Screen the independent peaks

You could use getstd function to get the independent peaks.

std <- getstd(pmd)
#> 8 retention group(s) have single peaks. 14 23 32 33 54 55 56 75
#> 11 group(s) with multiple peaks while no isotope/paired relationship 4 5 7 8 11 41 42 49 68 72 73
#> 9 group(s) with multiple peaks with isotope without paired relationship 2 9 22 26 52 62 64 66 70
#> 4 group(s) with paired relationship without isotope 1 10 15 18
#> 43 group(s) with paired relationship and isotope 3 6 12 13 16 17 19 20 21 24 25 27 28 29 30 31 34 35 36 37 38 39 40 43 44 45 46 47 48 50 51 53 57 58 59 60 61 63 65 67 69 71 74
#> 297 std mass found.

Here you could plot the peaks by plotstd function to show the distribution of independent peaks:

plotstd(std)

You could also plot the peaks distribution by assign a retention time group via plotstdrt:

par(mfrow = c(2,3))
plotstdrt(std,rtcluster = 23,main = 'Retention time group 23')
plotstdrt(std,rtcluster = 9,main = 'Retention time group 9')
plotstdrt(std,rtcluster = 18,main = 'Retention time group 18')
plotstdrt(std,rtcluster = 67,main = 'Retention time group 67')
plotstdrt(std,rtcluster = 49,main = 'Retention time group 49')
plotstdrt(std,rtcluster = 6,main = 'Retention time group 6')

Use independent peaks for MS/MS validation

Independent peaks are supporsing generated from different compounds. We could use those peaks for MS/MS analysis instead of DIA or DDA. Here we need multiple injections for one sample since it might be impossible to get all ions’ fragmental ions in one injection with good sensitivity. You could use gettarget to generate the index for the injections and output the peaks for each run.
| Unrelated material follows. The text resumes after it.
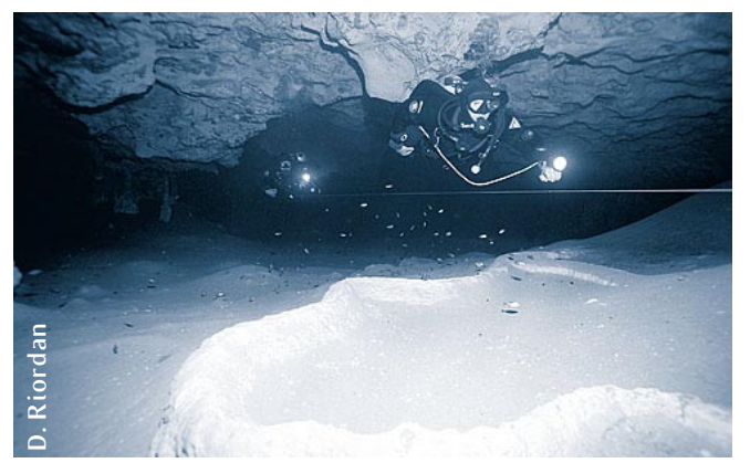
Proper line following is critical when cave diving

# you need retention time for independent peaks
index <- gettarget(std$rt[std$stdmassindex])
#> You need 10 injections!
# output the ions for each injection
table(index)
#> index
#>  1  2  3  4  5  6  7  8  9 10 
#> 16 28 24 32 33 27 34 43 24 36
# show the ions for the first injection
std$mz[index==1]
#>  [1] 136.0401 161.0967 166.0867 167.0901 174.0392 174.9917 176.0305 186.1854
#>  [9] 193.1599 211.1698 215.1272 232.9354 239.1490 242.2863 247.2421 255.1591
#> [17] 270.3185 285.3002 286.3101 291.0712 299.1113 301.2899 303.6476 309.0913
#> [25] 311.3144 328.0132 330.2521 340.3593 345.9293 351.3455 357.3004 365.1059
#> [33] 389.2529 411.2067 416.8073 418.3398 425.3120 429.0892 429.8709 437.1936
#> [41] 445.1198 466.8208 472.9023 498.9017 504.1096 514.8764 522.3557 535.4718
#> [49] 565.1922 595.1563 602.3103 607.3910 614.8111 620.4358 623.4241 638.3081
#> [57] 648.4664 675.2109 678.6868 699.8553 704.8667 709.4930 719.9400 736.8574
#> [65] 779.5153 816.5102 831.6037 835.8303 841.5715 847.3272 854.8122 868.4448
#> [73] 874.3049 906.8283 912.1493 942.3193 952.1496 971.8036 983.7978
std$rt[index==1]
#>  [1] 552.8035 645.5280 348.1340 511.2940 216.6520 166.2500 166.9580 501.3300
#>  [9] 453.1780 452.9630 169.7485 144.3605 170.2755 809.1845 639.0995 482.5790
#> [17] 802.2200 670.6010 755.0755 161.3960 447.6060 594.9120 510.2230 568.7680
#> [25] 618.4830 509.1510 596.4120 658.6000 145.7520 626.0920 590.8380 143.9315
#> [33] 383.1060 504.6540 503.1515 582.2680 404.7480 717.1020 145.2170 507.4370
#> [41] 717.1010 144.2540 213.7270 213.7270 762.5750 215.7020 546.4830 639.3130
#> [49] 762.5760 819.4050 469.3330 800.2900 217.8140 531.0080 455.1505 630.7000
#> [57] 531.2240 819.5135 639.1000 213.3340 213.9270 525.2220 212.6510 213.5090
#> [65] 519.6690 213.3340 503.6870 213.4430 517.2940 214.9660 215.4170 493.9370
#> [73] 638.7790 213.7270 214.1095 214.2010 213.3340 213.5485 214.6300

Validation by principal components analysis(PCA)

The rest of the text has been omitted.